(Extracted data Opens)

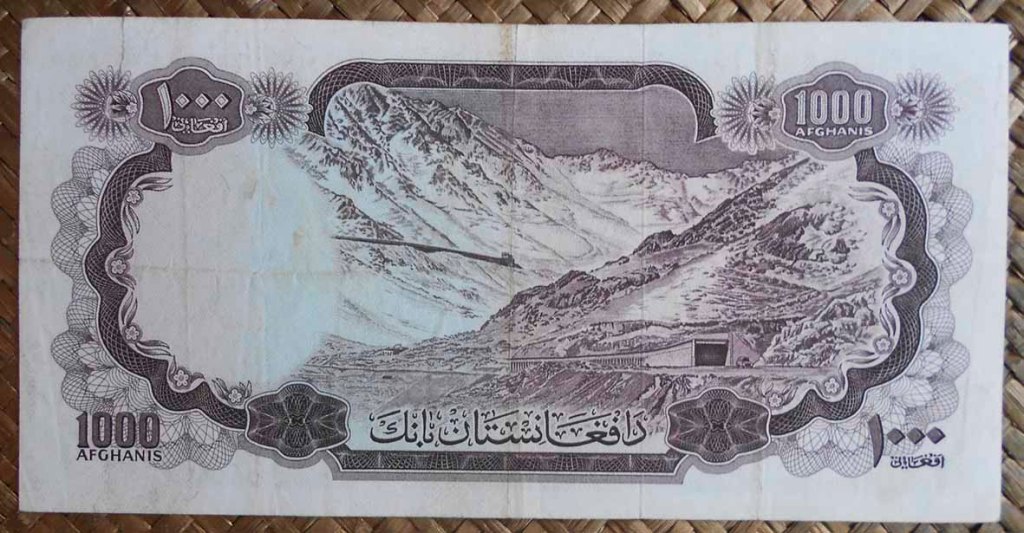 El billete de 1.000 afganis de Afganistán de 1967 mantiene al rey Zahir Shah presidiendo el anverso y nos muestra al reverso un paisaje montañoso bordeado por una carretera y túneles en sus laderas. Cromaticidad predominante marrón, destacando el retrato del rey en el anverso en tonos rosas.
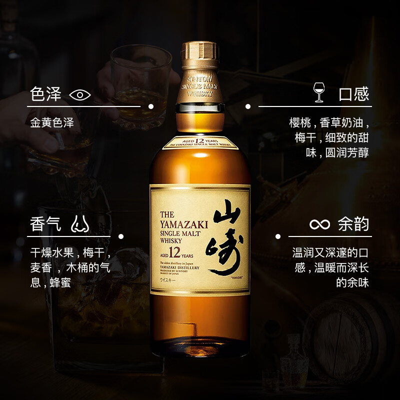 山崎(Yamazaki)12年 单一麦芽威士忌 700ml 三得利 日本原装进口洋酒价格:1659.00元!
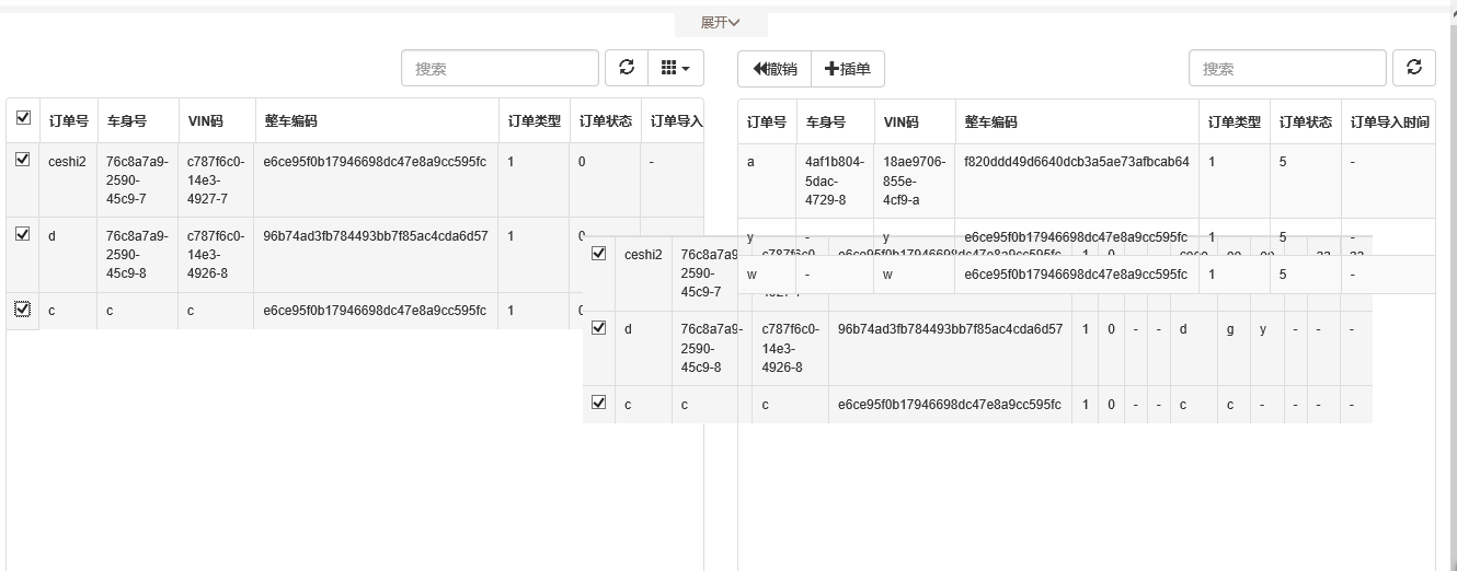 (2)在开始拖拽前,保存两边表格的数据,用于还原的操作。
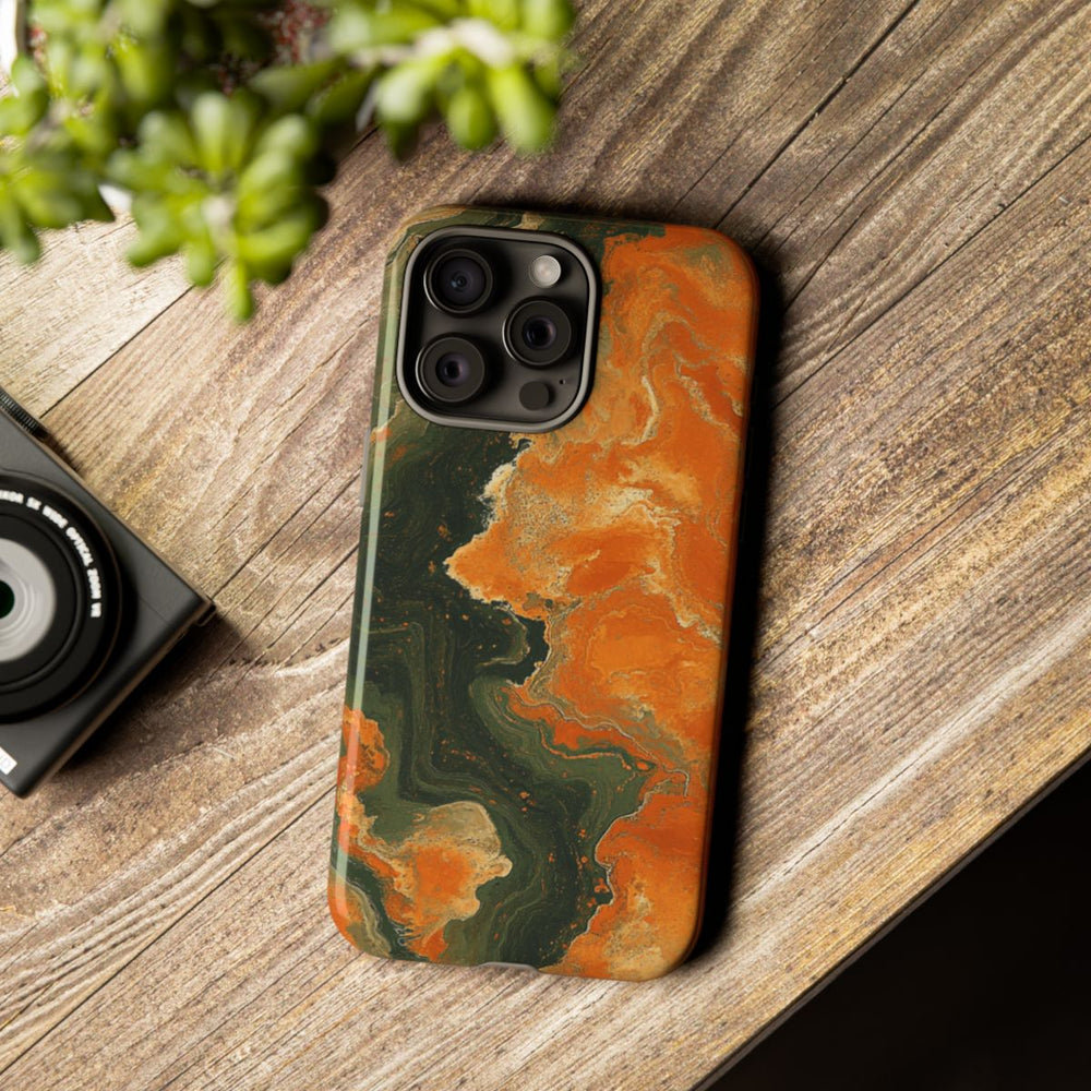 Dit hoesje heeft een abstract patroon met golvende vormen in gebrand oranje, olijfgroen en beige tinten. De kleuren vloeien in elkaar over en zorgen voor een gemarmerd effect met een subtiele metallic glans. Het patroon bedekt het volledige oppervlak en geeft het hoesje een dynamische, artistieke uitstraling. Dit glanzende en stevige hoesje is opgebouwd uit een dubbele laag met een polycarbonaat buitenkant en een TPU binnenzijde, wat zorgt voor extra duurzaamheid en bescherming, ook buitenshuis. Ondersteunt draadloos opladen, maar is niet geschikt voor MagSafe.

(Extracted data Closes)
(Extracted data Opens)

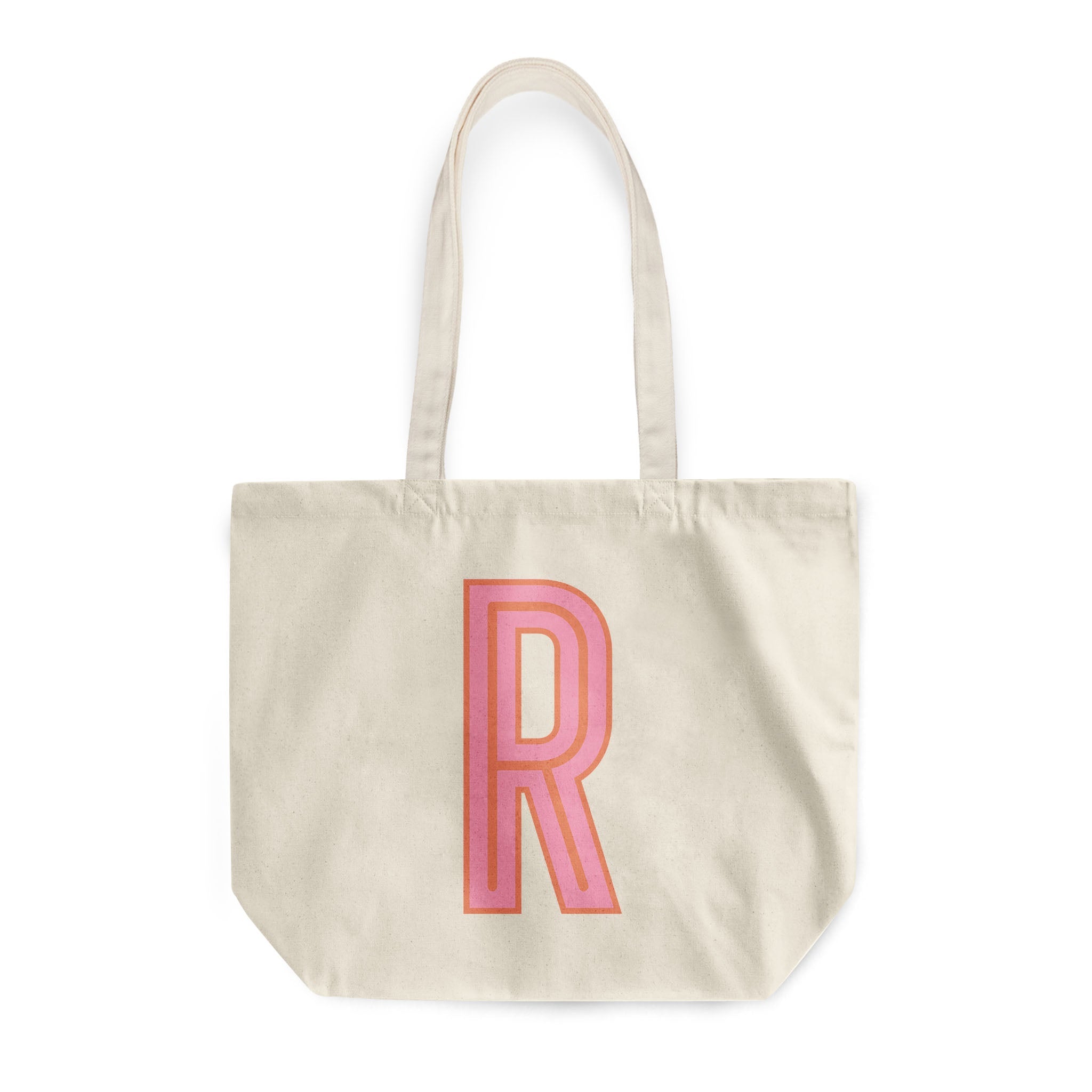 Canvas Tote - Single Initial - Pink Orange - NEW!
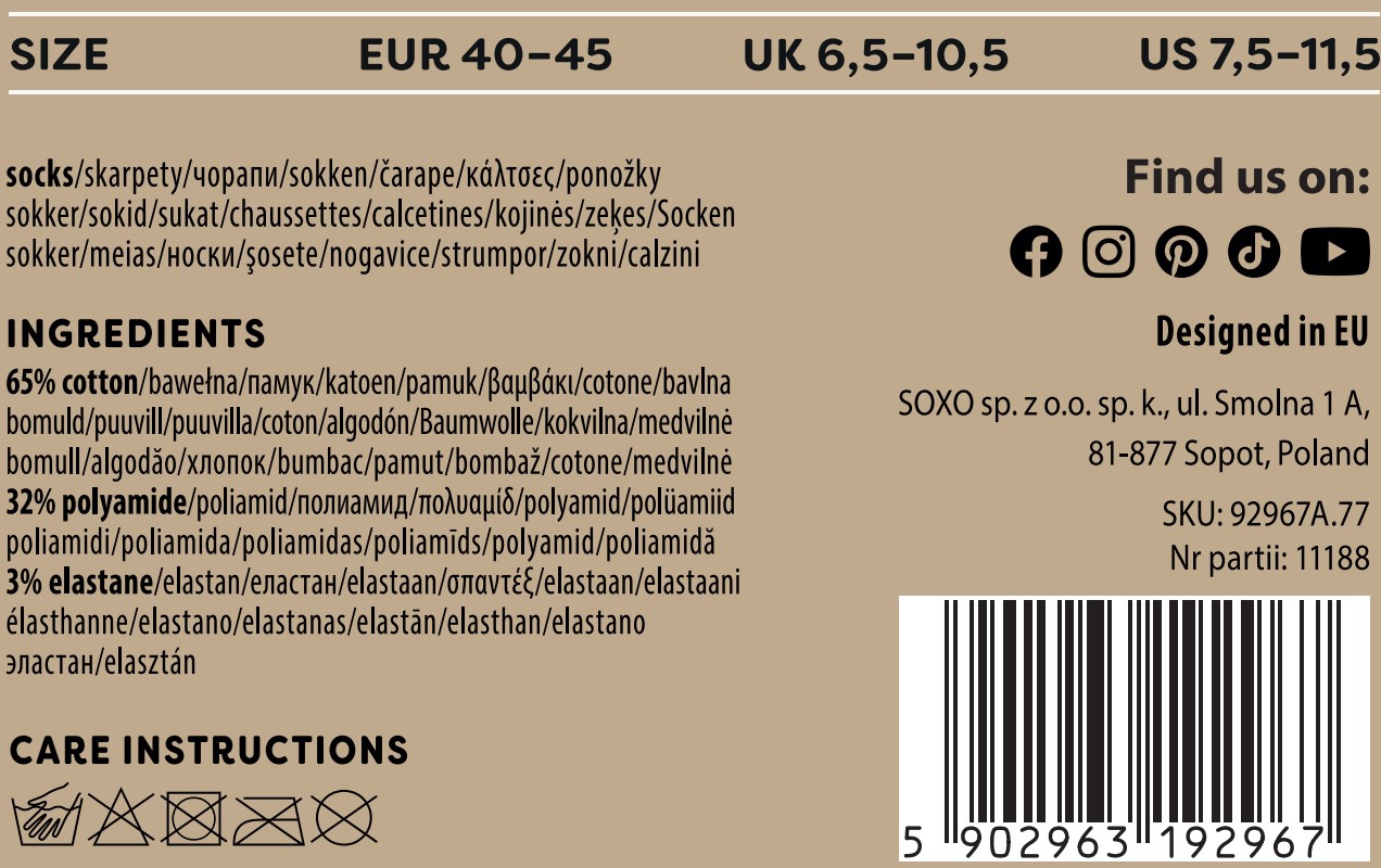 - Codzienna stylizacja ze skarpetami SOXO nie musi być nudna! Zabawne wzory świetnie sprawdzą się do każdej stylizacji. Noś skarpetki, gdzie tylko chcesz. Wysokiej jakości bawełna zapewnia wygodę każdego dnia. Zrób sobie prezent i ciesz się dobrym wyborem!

(Extracted data Closes)
(Extracted data Opens)

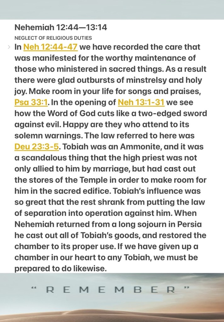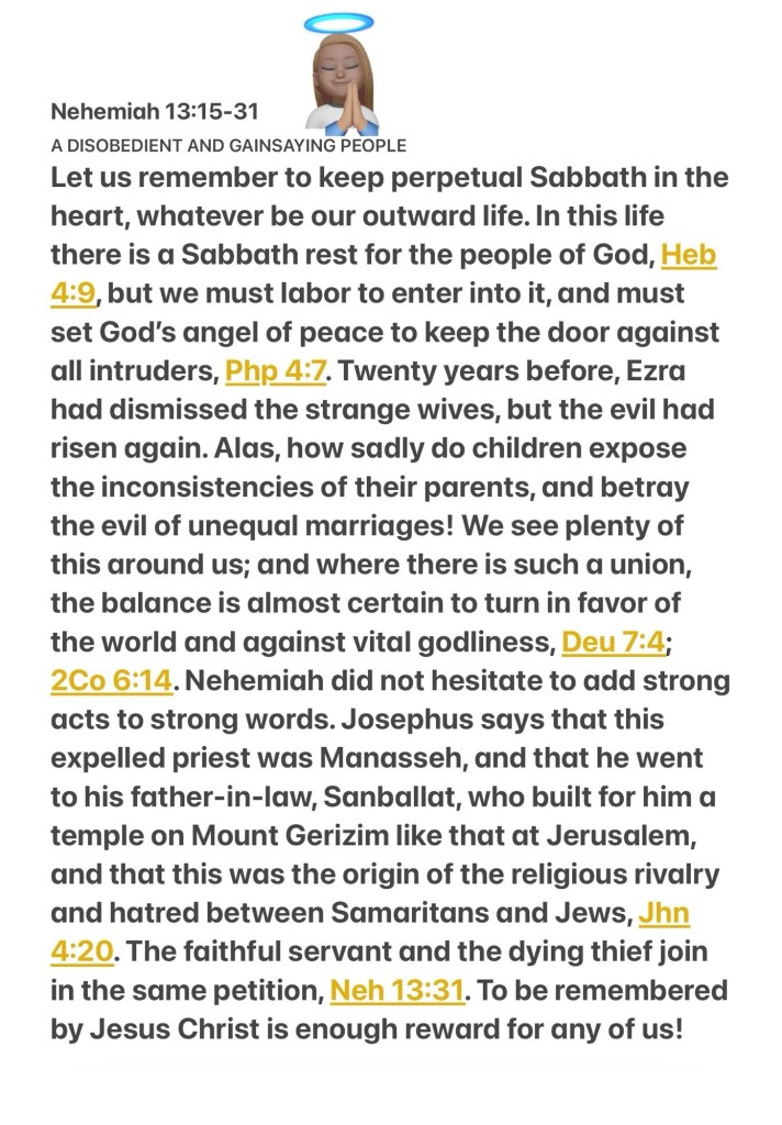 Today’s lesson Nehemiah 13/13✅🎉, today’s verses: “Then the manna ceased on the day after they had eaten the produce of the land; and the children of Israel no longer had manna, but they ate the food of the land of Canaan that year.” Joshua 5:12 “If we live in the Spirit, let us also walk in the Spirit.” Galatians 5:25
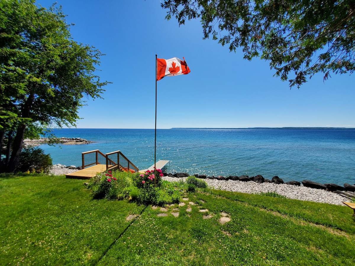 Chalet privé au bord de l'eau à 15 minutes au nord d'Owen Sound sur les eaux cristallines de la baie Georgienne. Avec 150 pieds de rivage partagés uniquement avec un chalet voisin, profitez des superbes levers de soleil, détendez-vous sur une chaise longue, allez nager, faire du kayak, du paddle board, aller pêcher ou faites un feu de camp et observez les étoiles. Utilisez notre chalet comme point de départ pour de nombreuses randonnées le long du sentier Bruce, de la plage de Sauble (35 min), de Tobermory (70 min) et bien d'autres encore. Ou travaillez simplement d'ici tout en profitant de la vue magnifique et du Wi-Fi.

(Extracted data Closes)

Work to be completed: Your answer must be the lines above from the one holding "Canvas Tote - Single" up to and including the one holding "- Codzienna stylizacja", exact and with no pictures.

Response box:
 Canvas Tote - Single Initial - Pink Orange - NEW!
 - Codzienna stylizacja ze skarpetami SOXO nie musi być nudna! Zabawne wzory świetnie sprawdzą się do każdej stylizacji. Noś skarpetki, gdzie tylko chcesz. Wysokiej jakości bawełna zapewnia wygodę każdego dnia. Zrób sobie prezent i ciesz się dobrym wyborem!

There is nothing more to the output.